The concept explored in this series is the harmonious relationship between the artist and the image. Is it possible for the image to coexist with the painter without disturbing him? ‘Not to offer resistance to what he himself is, nor cause distraction. To make it possible to simply be with the image, live with it. That was my original thought; that’s how this whole thing started. In a cell, say. It was essentially the contemplation of a hut,’ Vasilakakis explains. One such image, perhaps characteristic of the show, is Hut (2020–2021), ‘the incomplete model of an anchorite’s hut, a martyr’s retreat’. In this exquisitely simple picture, which exemplifies the ascetic mood sought by Vasilakakis, a wooden structure made of light-coloured wood seems to float against a black background. In this unfinished drawing of a hut, the viewer recognises the origins of architecture and at the same time, in the anchorism it epitomises, a metaphor for life itself. In addition, hidden in the grain and knots of the timber of this unfinished hut is Diego Velázquez’s Christ Crucified (1632): Vasilakakis has extensively studied the imposing verticality of this cross, and it is to his conversation with Velázquez that the cruciform elements seen in his paintings owe their existence.

Seeking ‘the shudder of inner experience’ (which Georges Bataille praised), Vasilakakis avoids looking at the works of his contemporary fellow artists and turns for inspiration to theological texts, such as the Synaxarion and the Evergetinos. He is interested, as he says, in folly for Christ’s sake, ‘holy folly’ – the ‘cherished humility’ and ‘death of individuality’ which monks such as the saints Andrew and Symeon championed and practised in their lives. These ascetic fools, who lived in caves or tiny wooden huts, experiencing visions and miracles, inspire the artist by their struggle to subdue egoism and human vanity. 

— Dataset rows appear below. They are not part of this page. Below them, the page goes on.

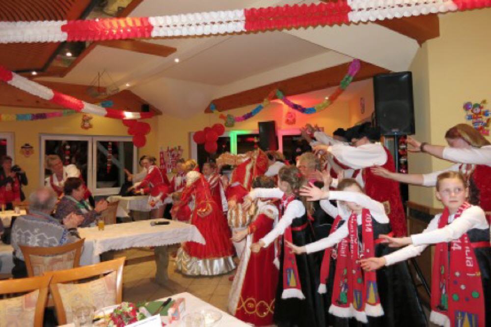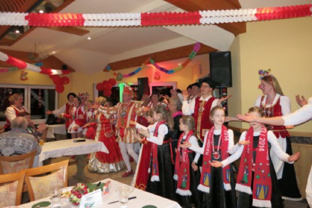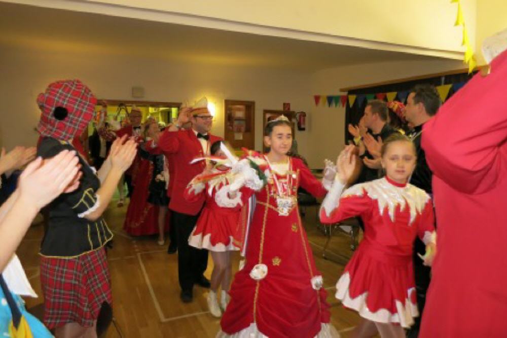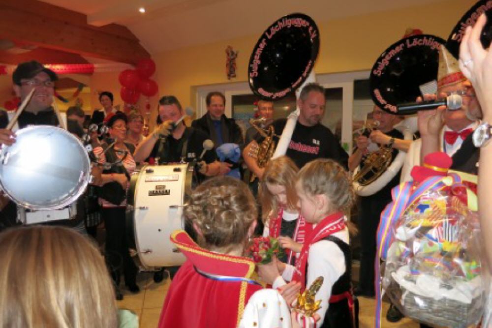 Hier war es ein nach Hause kommen. Kinderprinzessin Laura I aus Waldorf, Kinderprinzessin Patricia I aus Sechtem und Prinz Bert I und Prinzessin Silvia I aus Merten waren bereits in froher Laune mit ihren Gefolgen. Mit mir und meinem Gefolge war die Familie komplett und wir danken der Familie Bräutigam ganz herzlich für die schönen Stunden, die wir bei ihnen erleben durften. Wir sind sehr freundlich aufgenommen worden und gut beschenkt worden. Hier wird Karneval met Hätz jefiert.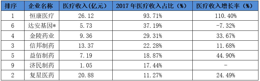 注:數(shù)據(jù)來源于各公司上市年報(bào),供參考。以2017年醫(yī)療服務(wù)收入占企業(yè)營業(yè)收入的比例排序。達(dá)安基因醫(yī)療服務(wù)收入包含少部分醫(yī)療檢測服務(wù)收入,無法剔除。數(shù)據(jù)資料供參考。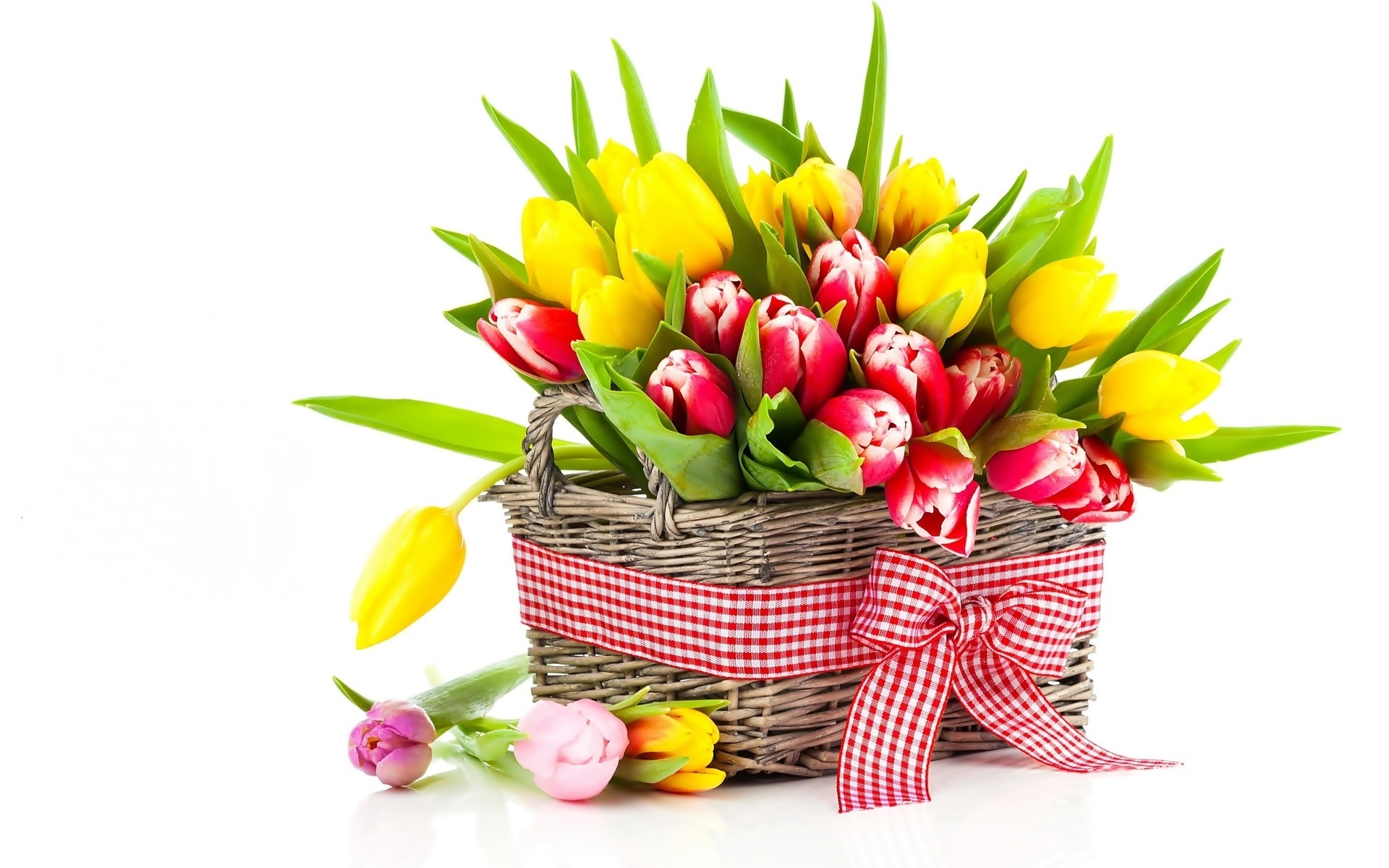 Edytor tapety: Bukiet, Kwiatów, Tulipany, Kosz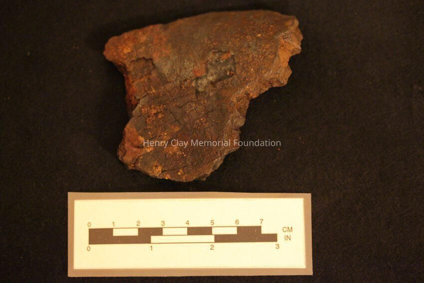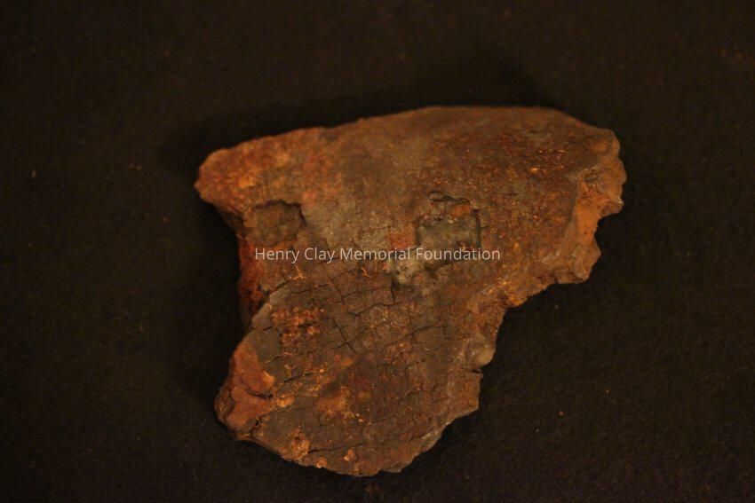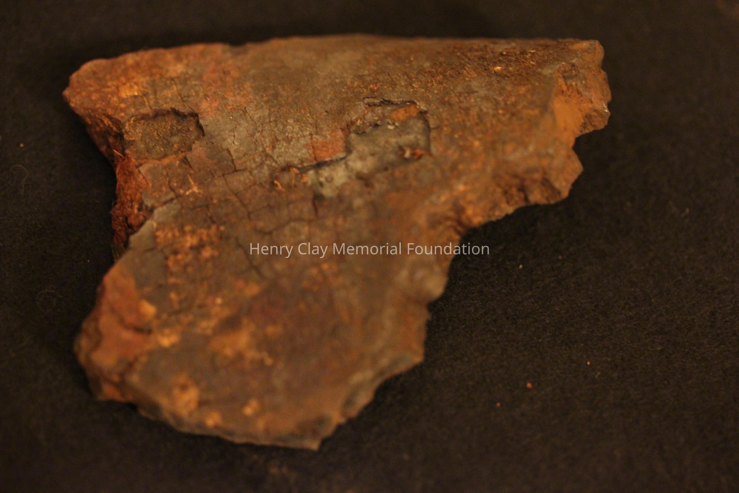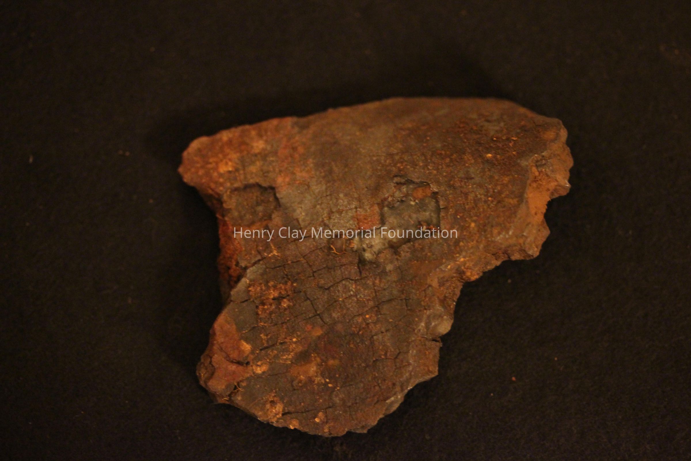 Heavy Cannon Ball fragment, Rusted on the broken fragmented ends, small circular indent on concaved side,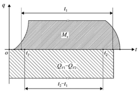 現(xiàn)定義檢測(cè)開(kāi)始時(shí)的這一組數(shù)據(jù)分別為初始時(shí)間t1,初始累積流量QV1,初始熱量Qh1,檢測(cè)結(jié)束時(shí)的一組數(shù)據(jù)分別為終止時(shí)間t2,終止累積流量QV2,終止熱量Qh2。標(biāo)準(zhǔn)裝置在ts時(shí)間內(nèi)記錄的累積質(zhì)量流量為Ms,熱量為Qhs。由于t2-t1通常不等于ts,這樣的檢測(cè)過(guò)程是不滿足同步計(jì)量的原則,故稱之為非同步。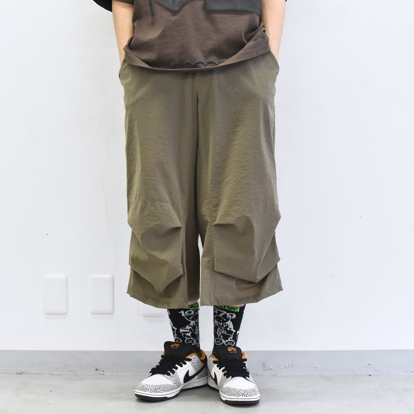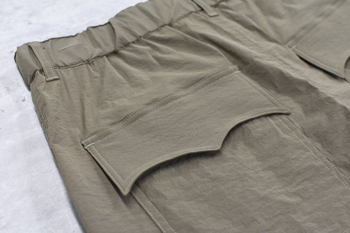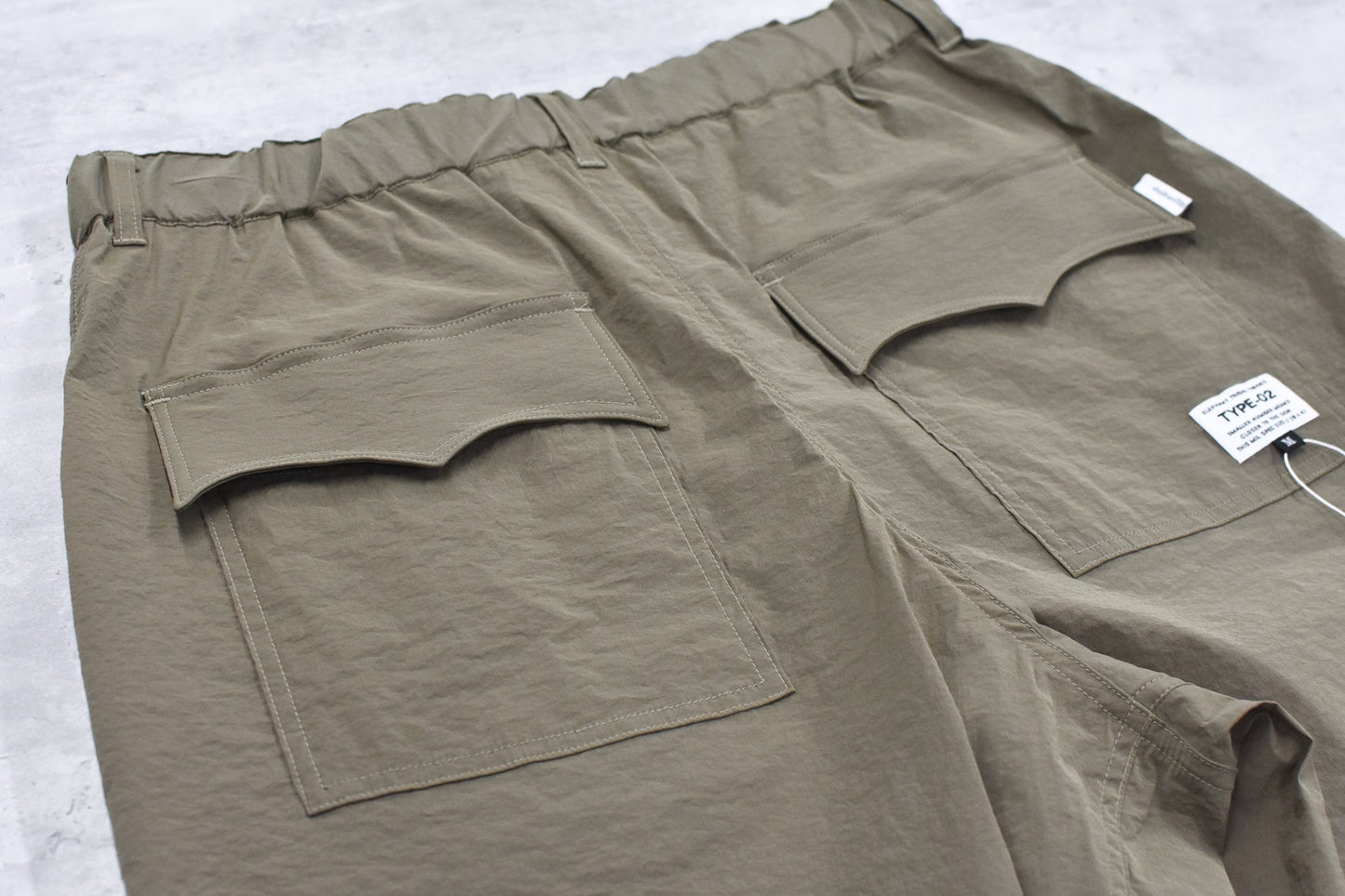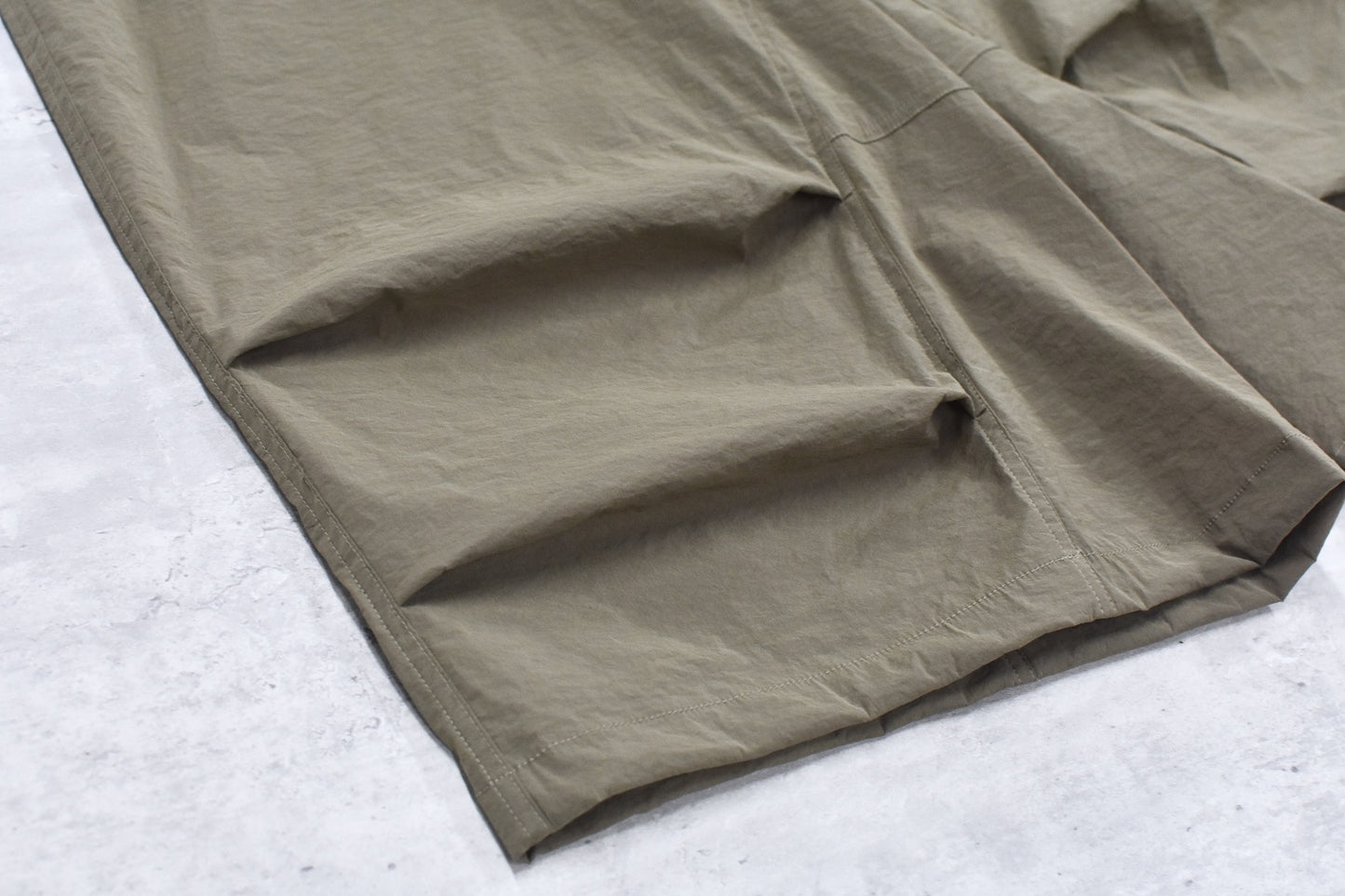 股部分には運動量を上げる為、クライミングパンツに用いられるディティールをプラス。ウエストは平ゴム、スピンドルを配置したイージーパンツ仕様。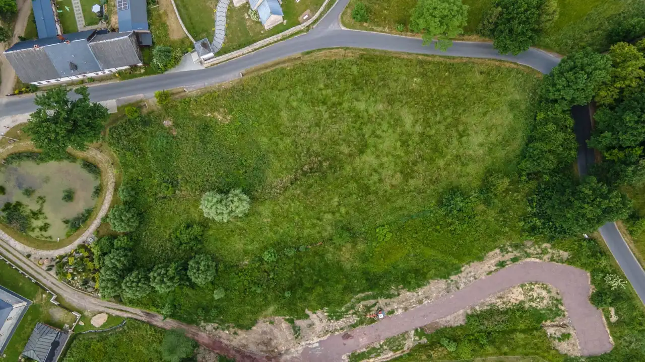 - Działka Niezagospodarowana, lekko nachylona, prostokąt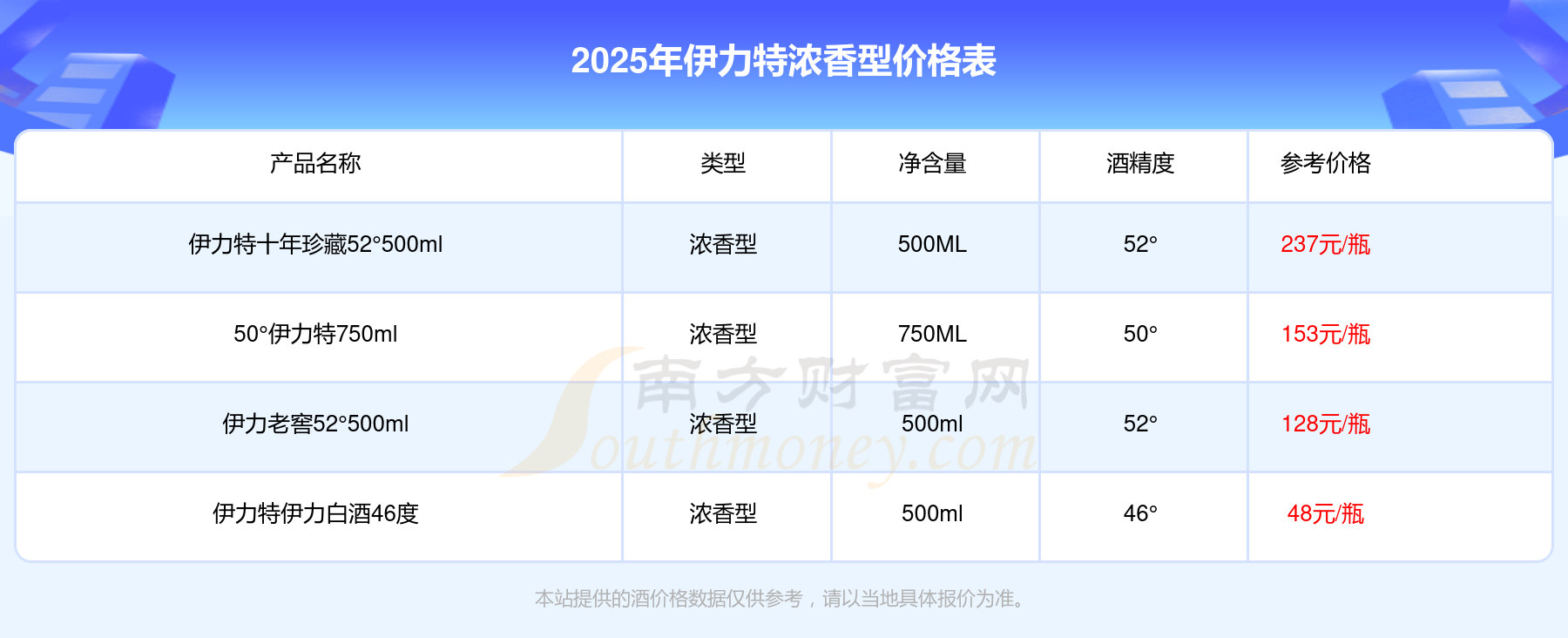 2025年,伊力特十年珍藏52°500ml、50°伊力特750ml、伊力老窖52°500ml等伊力特濃香型酒價格如下:伊力特十年珍藏52°500ml參考價237元/瓶、50°伊力特750ml參考價153元/瓶、伊力老窖52°500ml參考價128元/瓶。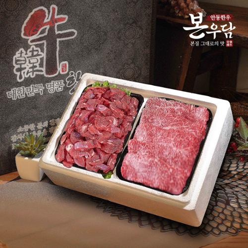[안동한우 본우담] 1+등급이상 한우 정육 실속세트 1호 800g (국거리400g + 불고기400g) M

Vasilakakis’s exhibition at the Arts Centre is divided into two ‘fields.’ One is ascetic, anchoretic, ‘a state of mourning’ as he explains. The other is devotional – involving praise and prayer. A Quiet Life is a contemplative exhibition, highlighting concepts lost from our vocabulary and lifestyle, such as humility, patience, restraint, silence and love. The silent paintings of Vasilis Vasilakakis propose viewing things in a way that takes us straight into the dark forest: ‘We are only totally laid bare by proceeding without trickery to the unknown. It is the share of the unknown that gives the experience of God – or the poetic – its great authority,’ Bataille reminds us.3

Christoforos Marinos
Art Historian
OPANDA curator of exhibitions and events

Translated by Dimitris Saltabassis


1 See Apostolis Artinos, The Heterotopia of the Hut, Smili, Athens 2014 [in Greek].
2 Adam Sharr, Heidegger’s Hut, The MIT Press, 2006.
3 Georges Bataille, Inner Experience, translated and with an introduction by Stuart Kendall, SUNY Press, New York 2014, p. 5.